How Krew Runs 10,000+ Voice AI Evaluations Monthly with Coval (And Turns QA Into Sales Acceleration)

Oct 26, 2025

The Challenge: Building Enterprise-Grade Voice AI Without Breaking Compliance

When Mike and his team at Krew set out to build voice agents for credit servicing, they knew they were tackling one of the most regulated industries in AI. Every conversation could impact real consumers. Every edge case needed coverage. Every compliance requirement demanded rigorous testing.

The stakes?
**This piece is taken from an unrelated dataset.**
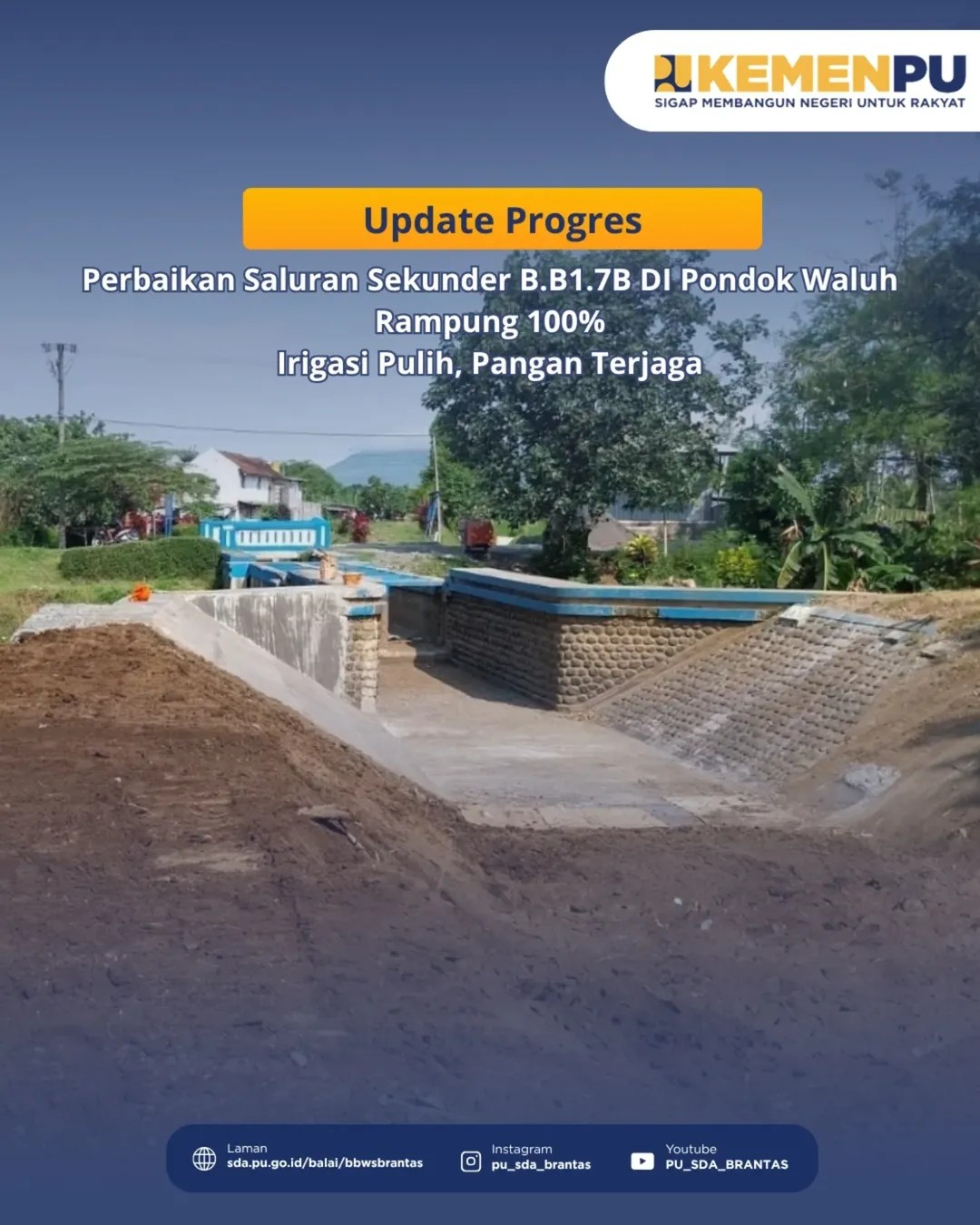 Jelang musim tanam, BBWS Brantas tuntaskan Perbaikan Saluran Sekunder Besini Daerah Irigasi (DI) Pondok Waluh Kabupaten Jember.

Tens of thousands of calls affecting people's financial lives, overseen by strict regulatory bodies that don't forgive slip-ups.

Before partnering with Coval, Krew faced what most voice AI companies eventually hit: the evaluation bottleneck. They had server-side performance QA and basic quality checks, but scaling comprehensive testing across perceived latency, turn-taking, barge-in handling, and compliance metrics required infrastructure that would take months to build.

"Building your own evaluation framework is difficult," Mike explains. "Setting up the infrastructure to deploy at scale and understand perceived latency—which is what a consumer actually hears—is a lot of work."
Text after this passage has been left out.